Given data -
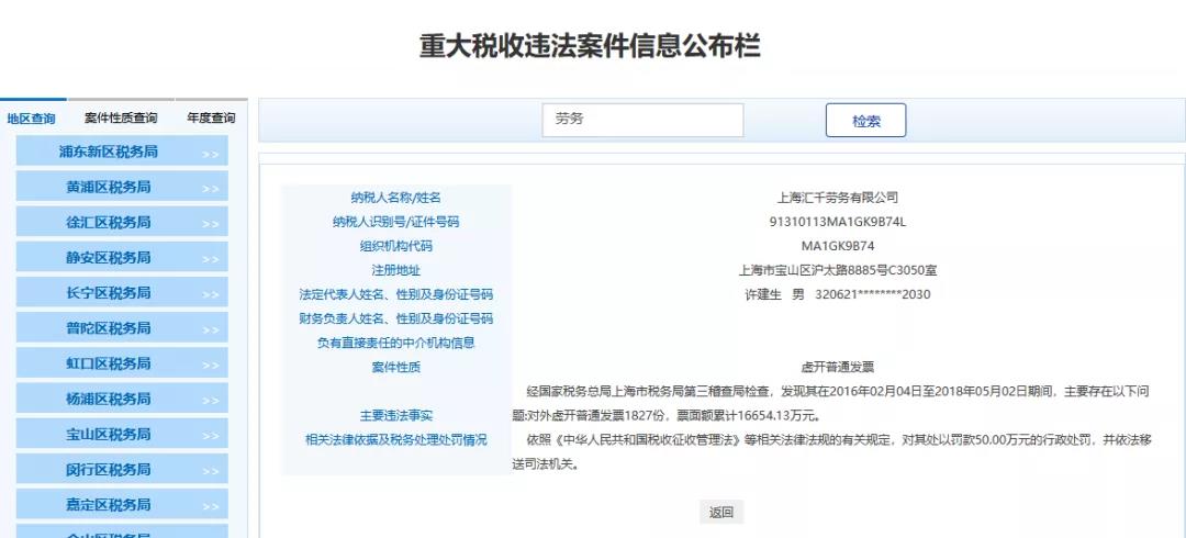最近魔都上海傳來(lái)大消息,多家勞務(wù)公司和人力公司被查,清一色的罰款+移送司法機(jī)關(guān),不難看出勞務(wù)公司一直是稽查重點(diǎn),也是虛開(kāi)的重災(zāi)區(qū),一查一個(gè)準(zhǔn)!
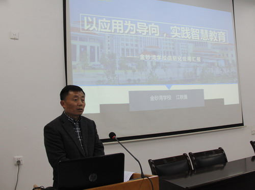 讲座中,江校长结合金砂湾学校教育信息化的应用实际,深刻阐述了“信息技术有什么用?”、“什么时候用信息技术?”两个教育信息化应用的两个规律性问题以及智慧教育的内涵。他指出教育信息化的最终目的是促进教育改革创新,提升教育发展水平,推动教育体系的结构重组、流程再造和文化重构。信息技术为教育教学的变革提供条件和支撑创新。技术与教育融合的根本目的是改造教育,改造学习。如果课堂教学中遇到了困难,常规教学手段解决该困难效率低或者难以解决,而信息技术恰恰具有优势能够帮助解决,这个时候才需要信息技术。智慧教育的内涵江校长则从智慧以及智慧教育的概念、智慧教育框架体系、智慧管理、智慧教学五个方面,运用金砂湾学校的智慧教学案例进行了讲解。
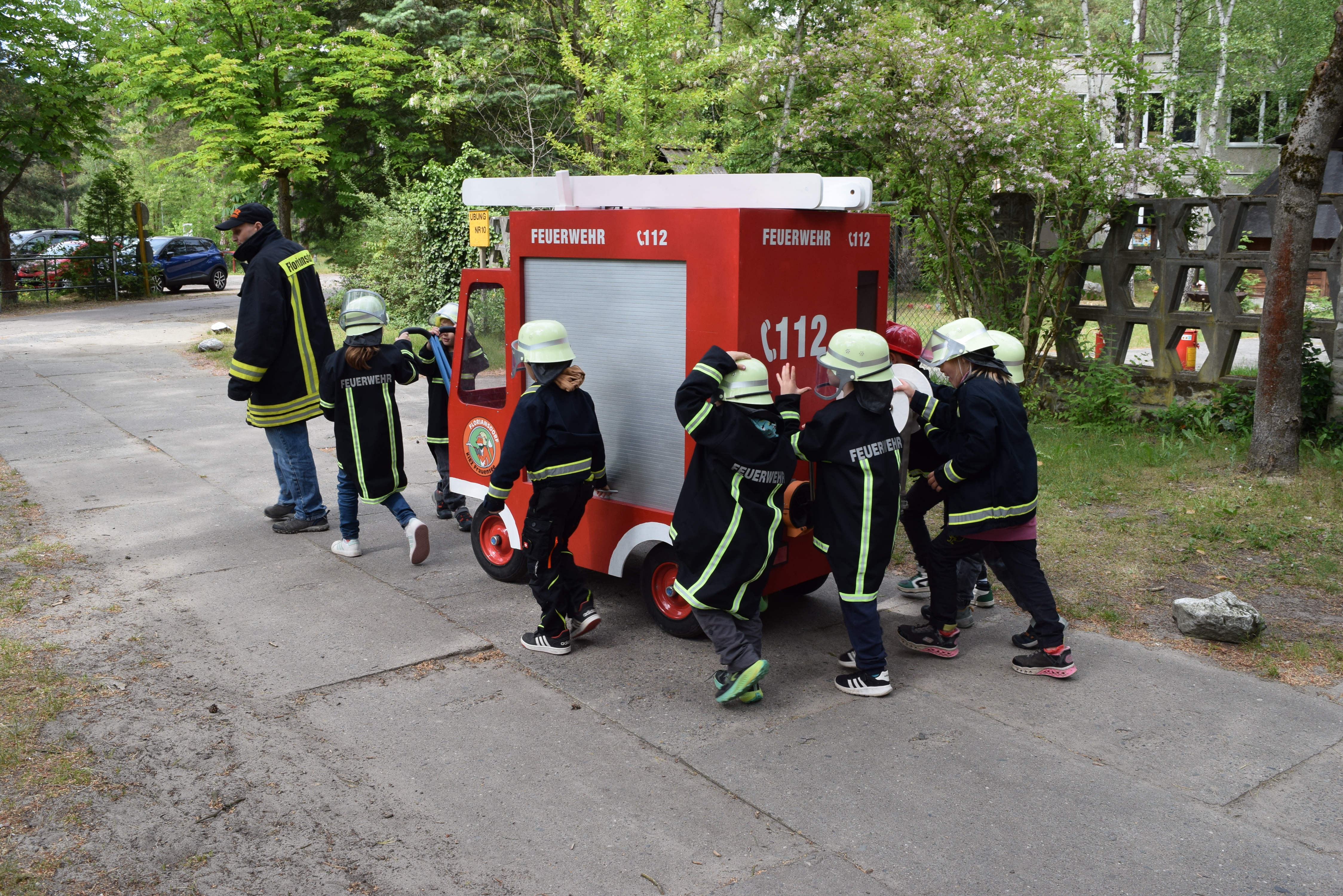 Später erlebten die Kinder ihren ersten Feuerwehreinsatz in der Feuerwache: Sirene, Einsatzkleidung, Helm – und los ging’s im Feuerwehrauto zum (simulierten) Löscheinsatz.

What the task asks -
Print all the lines above exactly as they are, but without the pictures.

Exercise answer -
最近魔都上海傳來(lái)大消息,多家勞務(wù)公司和人力公司被查,清一色的罰款+移送司法機(jī)關(guān),不難看出勞務(wù)公司一直是稽查重點(diǎn),也是虛開(kāi)的重災(zāi)區(qū),一查一個(gè)準(zhǔn)!
 讲座中,江校长结合金砂湾学校教育信息化的应用实际,深刻阐述了“信息技术有什么用?”、“什么时候用信息技术?”两个教育信息化应用的两个规律性问题以及智慧教育的内涵。他指出教育信息化的最终目的是促进教育改革创新,提升教育发展水平,推动教育体系的结构重组、流程再造和文化重构。信息技术为教育教学的变革提供条件和支撑创新。技术与教育融合的根本目的是改造教育,改造学习。如果课堂教学中遇到了困难,常规教学手段解决该困难效率低或者难以解决,而信息技术恰恰具有优势能够帮助解决,这个时候才需要信息技术。智慧教育的内涵江校长则从智慧以及智慧教育的概念、智慧教育框架体系、智慧管理、智慧教学五个方面,运用金砂湾学校的智慧教学案例进行了讲解。
 Später erlebten die Kinder ihren ersten Feuerwehreinsatz in der Feuerwache: Sirene, Einsatzkleidung, Helm – und los ging’s im Feuerwehrauto zum (simulierten) Löscheinsatz.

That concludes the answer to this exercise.